__WORK TO BE COMPLETED__
From the first line to the last, repeat the data exactly but leave out the pictures.

(Data records)
════
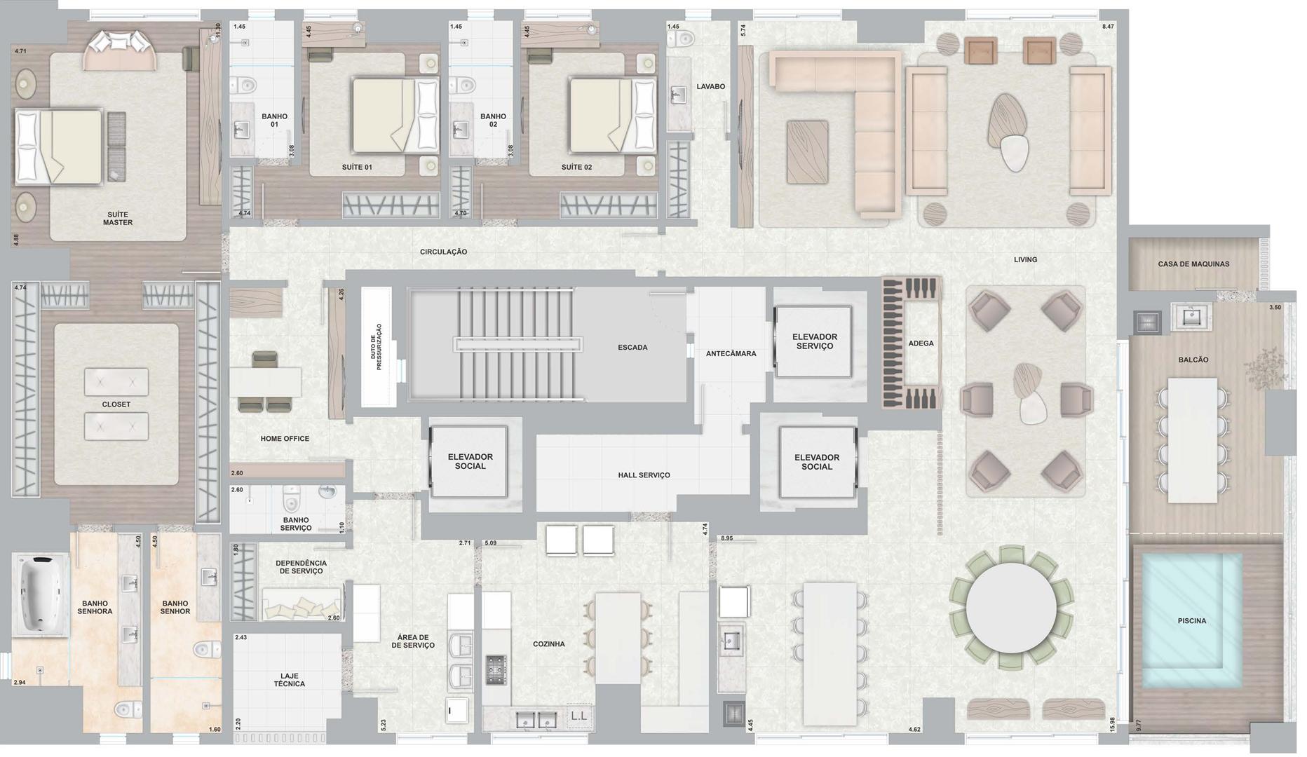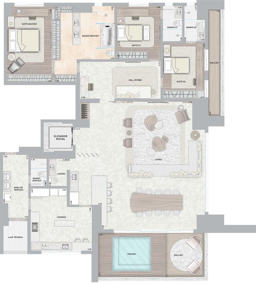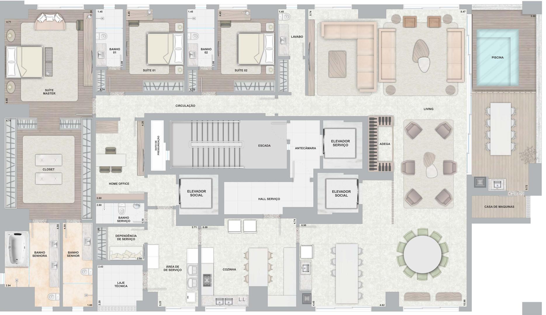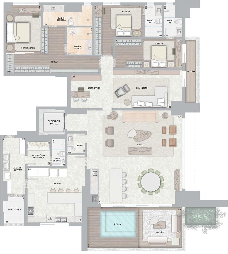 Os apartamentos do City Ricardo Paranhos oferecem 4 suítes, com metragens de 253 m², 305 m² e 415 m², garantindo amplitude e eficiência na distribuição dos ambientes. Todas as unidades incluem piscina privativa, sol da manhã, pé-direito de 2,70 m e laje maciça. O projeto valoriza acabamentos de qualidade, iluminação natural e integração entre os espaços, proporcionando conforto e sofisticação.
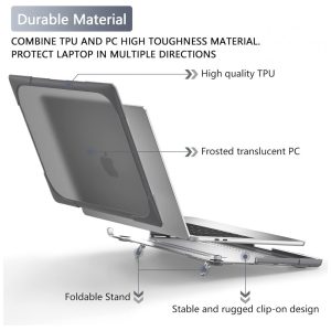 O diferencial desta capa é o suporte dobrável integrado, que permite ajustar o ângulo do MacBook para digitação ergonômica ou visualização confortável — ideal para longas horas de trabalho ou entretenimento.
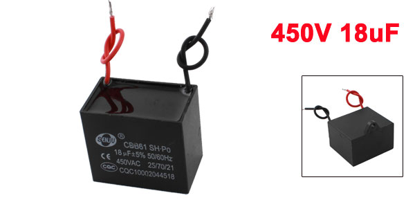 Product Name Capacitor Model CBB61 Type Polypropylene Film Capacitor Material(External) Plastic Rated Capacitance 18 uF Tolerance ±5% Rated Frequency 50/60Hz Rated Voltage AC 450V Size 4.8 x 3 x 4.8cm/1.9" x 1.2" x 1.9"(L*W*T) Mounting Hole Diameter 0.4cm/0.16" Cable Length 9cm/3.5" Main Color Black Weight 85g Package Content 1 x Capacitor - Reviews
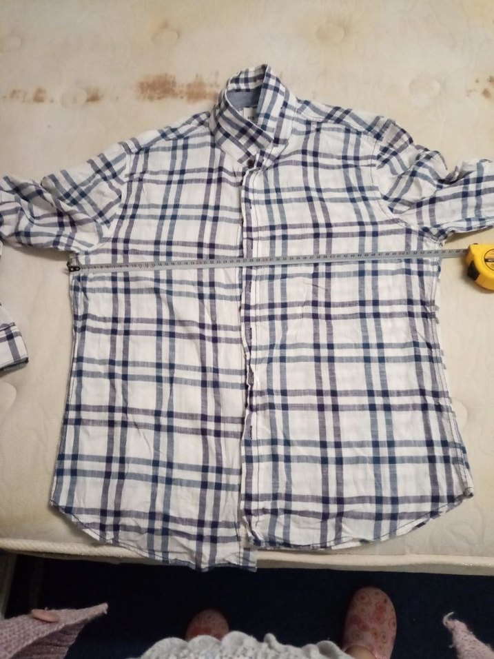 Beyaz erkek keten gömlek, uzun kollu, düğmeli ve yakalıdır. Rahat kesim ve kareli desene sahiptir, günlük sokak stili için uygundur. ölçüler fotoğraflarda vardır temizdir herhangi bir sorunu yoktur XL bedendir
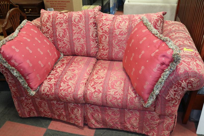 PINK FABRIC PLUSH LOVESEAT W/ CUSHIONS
════
__ANSWER TO THE EXERCISE__
 Os apartamentos do City Ricardo Paranhos oferecem 4 suítes, com metragens de 253 m², 305 m² e 415 m², garantindo amplitude e eficiência na distribuição dos ambientes. Todas as unidades incluem piscina privativa, sol da manhã, pé-direito de 2,70 m e laje maciça. O projeto valoriza acabamentos de qualidade, iluminação natural e integração entre os espaços, proporcionando conforto e sofisticação.
 O diferencial desta capa é o suporte dobrável integrado, que permite ajustar o ângulo do MacBook para digitação ergonômica ou visualização confortável — ideal para longas horas de trabalho ou entretenimento.
 Product Name Capacitor Model CBB61 Type Polypropylene Film Capacitor Material(External) Plastic Rated Capacitance 18 uF Tolerance ±5% Rated Frequency 50/60Hz Rated Voltage AC 450V Size 4.8 x 3 x 4.8cm/1.9" x 1.2" x 1.9"(L*W*T) Mounting Hole Diameter 0.4cm/0.16" Cable Length 9cm/3.5" Main Color Black Weight 85g Package Content 1 x Capacitor - Reviews
 Beyaz erkek keten gömlek, uzun kollu, düğmeli ve yakalıdır. Rahat kesim ve kareli desene sahiptir, günlük sokak stili için uygundur. ölçüler fotoğraflarda vardır temizdir herhangi bir sorunu yoktur XL bedendir
 PINK FABRIC PLUSH LOVESEAT W/ CUSHIONS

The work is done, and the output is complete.